## DIRECTIONS FOR THIS TASK
After the line containing "重演照片,还原坦克被击中起火", copy nothing more; up to and including it, copy every line of the listing exactly from the first, leaving out the pictures.

BEGIN SOURCE MATERIAL

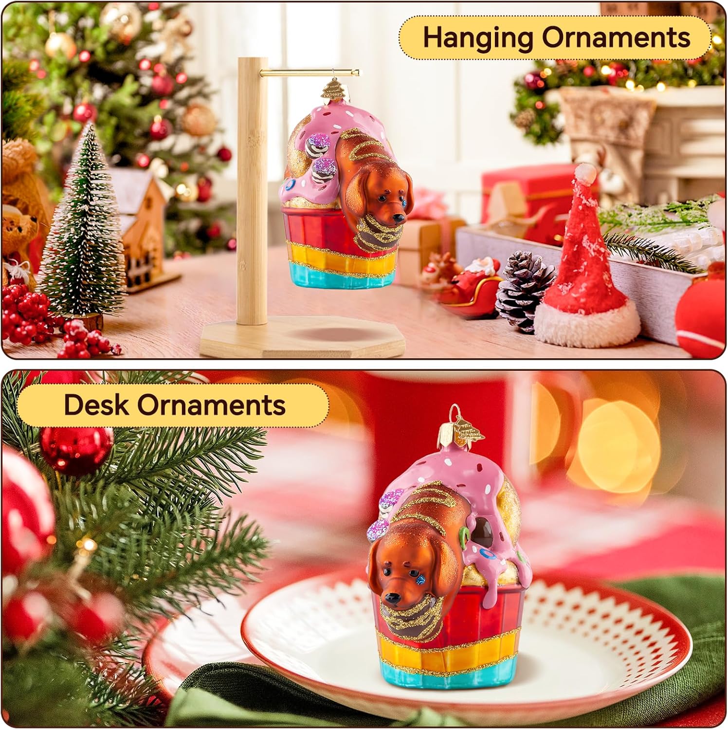 Dog Christmas Tree Ornaments,Hand-Blown Glass Ornaments,Cupcake Collection Figurine Hanging Ornaments,Dachshund Dog Christmas Ornament for Animal Lovers Party Holiday Home Decorations Gifts
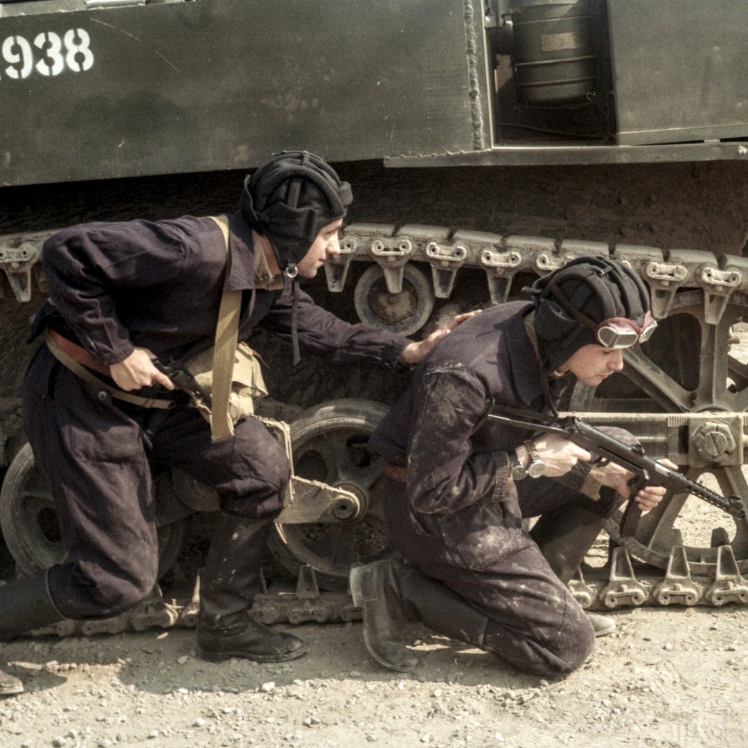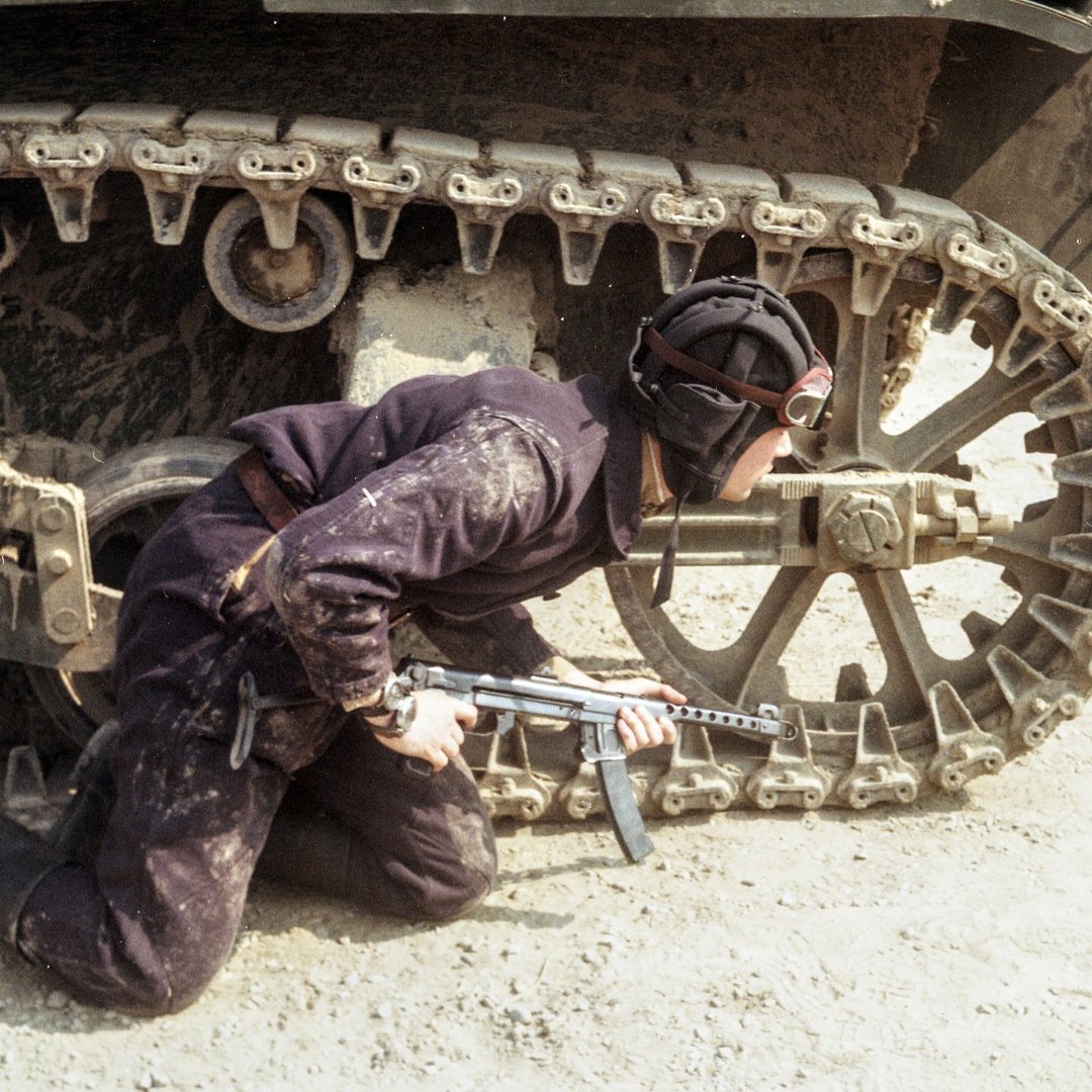 重演照片,还原坦克被击中起火后,两名坦克兵掩护受伤战友从车上撤离,一个车组通常配有一把纳甘转轮和一把波波斯,通常车上还会有一袋手榴弹
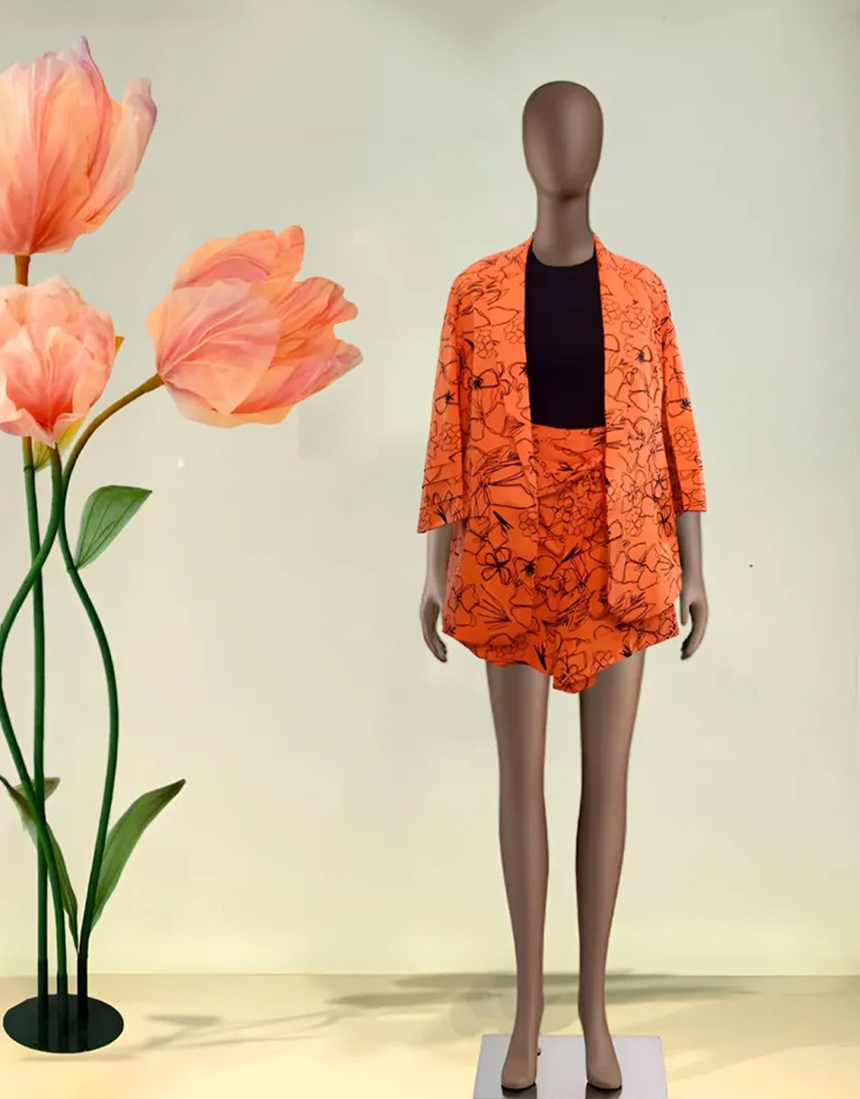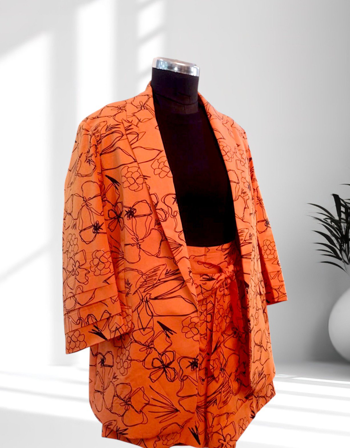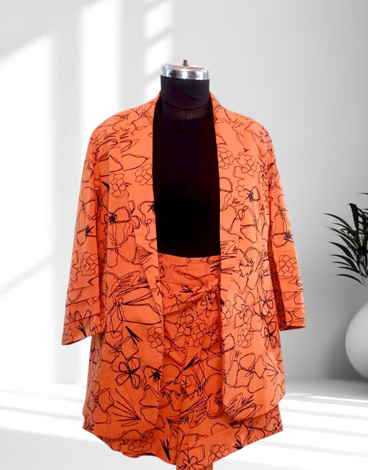 A vibrant cotton-linen blazer and high-rise shorts set with floral detailing, blending tailored structure with summer-ready ease.

END SOURCE MATERIAL

## REPLY TO THE TASK
 Dog Christmas Tree Ornaments,Hand-Blown Glass Ornaments,Cupcake Collection Figurine Hanging Ornaments,Dachshund Dog Christmas Ornament for Animal Lovers Party Holiday Home Decorations Gifts
 重演照片,还原坦克被击中起火后,两名坦克兵掩护受伤战友从车上撤离,一个车组通常配有一把纳甘转轮和一把波波斯,通常车上还会有一袋手榴弹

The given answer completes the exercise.